Le Conseil des ministres adopte le projet de loi sur de programme sur la gestion des matières et déchets radioactifs

Alors que le projet de loi ne tranche pas entre les différentes techniques, le gouvernement laisse entendre que le stockage géologique profond, dénoncée par plusieurs organisations écologistes, serait privilégié pour les déchets les plus dangereux.

Déchets  |    |  Carine Seghier Actu-Environnement.com
Par la loi du 30 décembre 1991, également appelée loi Bataille, du nom du Député, Christian Bataille qui fut son rapporteur, le Gouvernement avait quinze ans pour approfondir les recherches et trouver une solution pour le stockage des déchets les plus dangereux, c'est-à-dire ceux qui résultent de l'activité des centrales nucléaires et ayant pour certains une durée de vie de plusieurs millions d'années.

Cette loi définissait trois axes principaux de recherche (la séparation et la transmutation, le stockage en couches géologiques profondes et l'entreposage de longue durée en surface) pour la prise en charge des déchets de haute activité et à vie longue produits dans les réacteurs nucléaires et donnait rendez-vous en 2006 pour faire le bilan des différentes propositions.

Le premier axe est la séparation des différents produits contenus dans les combustibles usés et la transmutation des éléments radioactifs à vie longue. Il vise à réduire le volume et la toxicité des déchets, en séparant les éléments les plus toxiques et à vie longue et en les transformant en éléments radioactifs à durée de vie plus courte. Il est actuellement étudié à Marcoule, dans le Gard.

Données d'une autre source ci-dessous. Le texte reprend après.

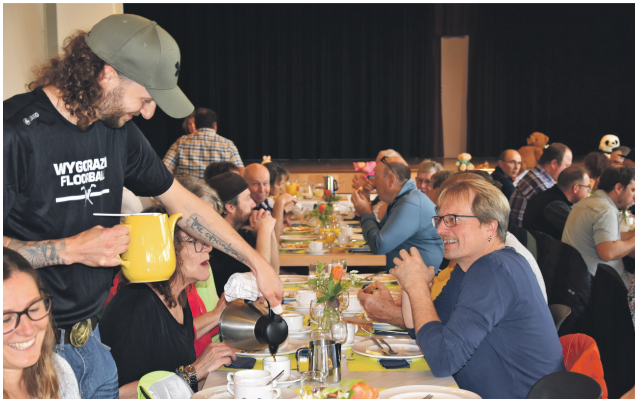
Turner/innen-Zmorge, organisiert vom Sportverein Wyssachen.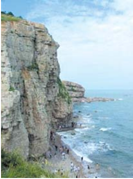
鸟驿站”之美誉,美丽的长岛欢迎您。(长岛)

长岛是中国唯一的海岛国家地质公园、中国十大最美海岛、最佳避暑胜地和国家级重点风景名胜,冬暖夏凉、气候宜人,素有“海上仙山、候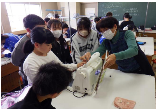
11月 ミシンボランティア(5年生)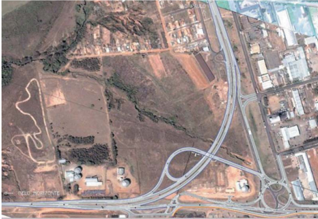
Construção de trevo ligando as duas rodovias vem sendo anunciada a mais de uma década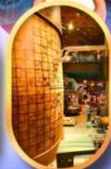
ร้านสตาร์บักส์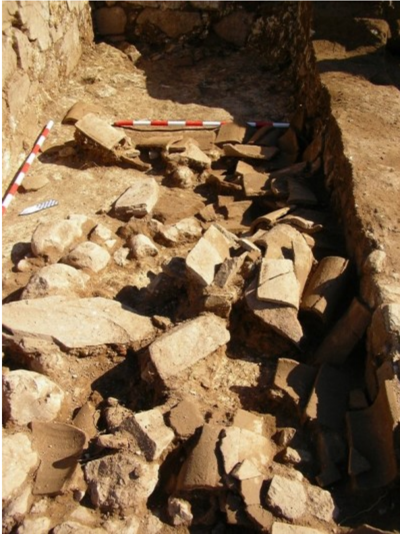
Enderroc de teules de Can Tacó. Foto: Equip Can Tacó (2020).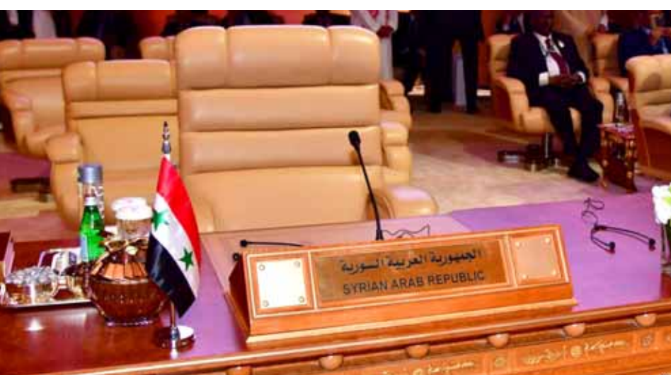
مقعد الجمهورية العربية السورية الفارغ في الجامعة العربية

بلاده تجاه سورية كان ثابتاً يوماً، وأن بلاده تؤمن بأن الأزمة السورية استغرقت وقتاً طويلاً وسيبت الكثير من المعاناة، فيما لم تظهر أي إستراتيجيات فعالة لحلها على حد تعبيره، مشيراً إلى أن الحكومة السورية طرف ويجب الحديث معها حول كيفية تحقيق حل سياسي. وزير الخارجية الأردني اعتبر بأن هناك حاجة إلى وجود حوار بين الولايات المتحدة وروسيا بشأن سورية، والاتفاق على حل للضي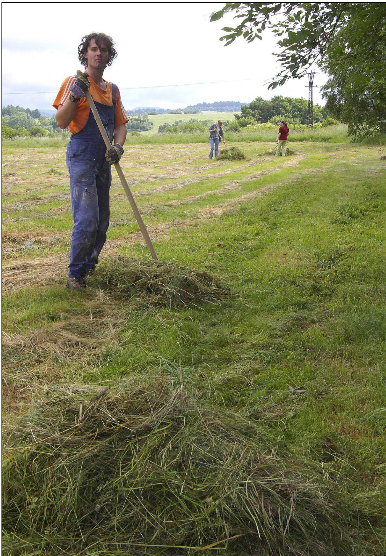
Foto IMG9386 Posp_i_090610.jpg objekt: při údržbě chráněných ploch jsme nejčastěji ošetřovali louky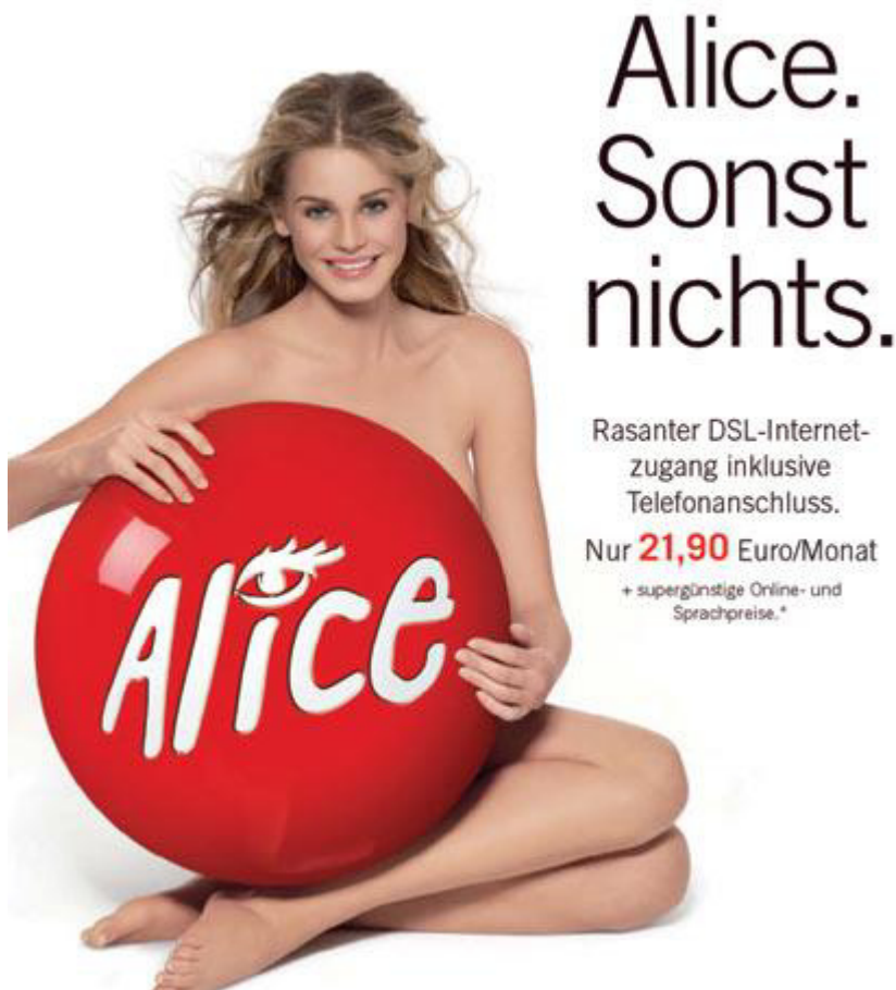
Abbildung 8: Erotischer Appell der Firma Alice

In der Untersuchung wurden nicht nur Appelle mit negativen Emotionen eingesetzt (wie Schuld und Furcht). Es kamen auch angenehmere emotionale Appelle zum Einsatz, um einen Gegenpol zu den negativen Appellen herzustellen und die Diskussion zu fördern und ausgeglichener zu gestalten. Zudem sind den Teilnehmern hierdurch weitere Vergleichsobjekte für die Schuldappelle gegeben. Hier sollen nun die erotischen Appelle vorgestellt werden, angefangen mit der Werbung der Firma Alice.

Le second axe est le stockage, irréversible ou réversible, des déchets en couche géologique profonde. Il a été étudié notamment par le laboratoire de Bure, à la frontière des départements de la Meuse et de la Haute-Marne, dans une couche géologique vieille de 150 millions d'années.

Le troisième axe concerne l'étude de procédés de conditionnement et d'entreposage de longue durée en surface des déchets.

Conformément à la loi de février 2002 sur la démocratie de proximité, la Commission nationale du débat public (CNDP) avait été chargée d'organiser un débat national sur la gestion des déchets radioactifs.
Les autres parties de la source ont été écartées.